International Albinism Awareness Day 2019 – Interview
13 June 2019
13 June is commemorated annually as International Albinism Awareness Day (IAAD) with the aim of raising awareness concerning the particular challenges faced by people with albinism (PWA) across the globe. As is often the case when it comes to vulnerable and marginalised groups, their causes are championed by people who are knowledgeable on their issues and may or may not be their allies. More often than not, members of the disenfranchised are not the forefront of movements that speak particularly to their access to human rights. Unfortunately, this is also true for PWA. I had a conversation with woman with albinism to discuss, and learn, about PWA and the state of their human rights experience, to gain a nuanced understanding from someone for whom albinism is a lived experience.

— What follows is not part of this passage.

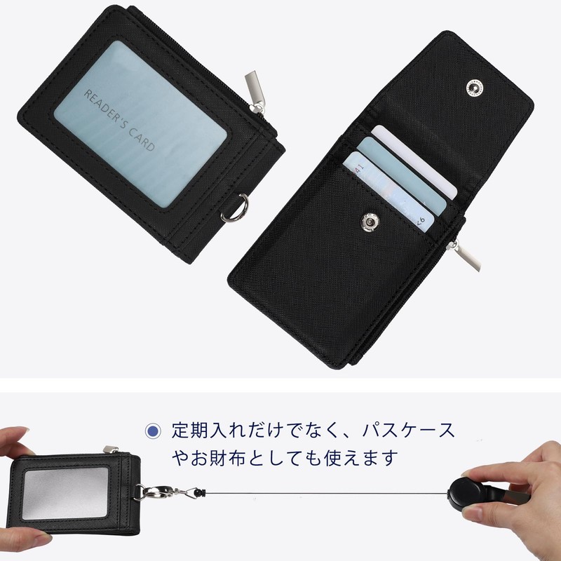 Commuter Pass Case, IC Card Case, Coin Pocket, 4-Card Holder, Double-Sided, Unisex

Nodumo Ncomanzi is a Communications Officer for the United Nations Mandate on Albinism, outside of that, she runs her own creative consulting firm. From my limited interaction with her on social media, she is more than just her professional occupation and is a fierce advocate for herself - a woman with albinism - and other people who like her, have had to endure the discrimination, stigma and exclusion that attaches to the colour of her skin.
When asked what she wants people to know/understand about PWA, Ncomanzi’s response is simple, “PWA are everyday people. We don’t just exist under people’s gaze of amazement, amusement, suspicion, superstition.” PWA exist outside of all prejudice, outside of beauty pageants which, whilst laced with good intentions, have little impact in effecting actual social change, or even IAAD. Allocating one day a year is good, but in the grander scheme of things, a blip on the radar. She believes that normalising PWA is the missing key, particularly on the African Continent. South Africa is no stranger to violence against PWA, where they are hunted and killed or dismembered for good luck, or sexually abused to heal HIV/AIDS. The list goes on. This violence is a direct result of cultural interpretation of the genetic and hereditary condition.
PWA are erroneously identified as “people living with albinism”. Ncomanzi says this misnomer should be replaced with “people with albinism” because the term “living with” is typically associated a health problem and usually one that one accrued/developed after birth. “Something that they have to live with as opposed to something that they are.” For example, PWA can develop health issues such as skin cancer as a result of their albinism and in that case, “live with” skin cancer as a result the environment they are in being aggressive to them.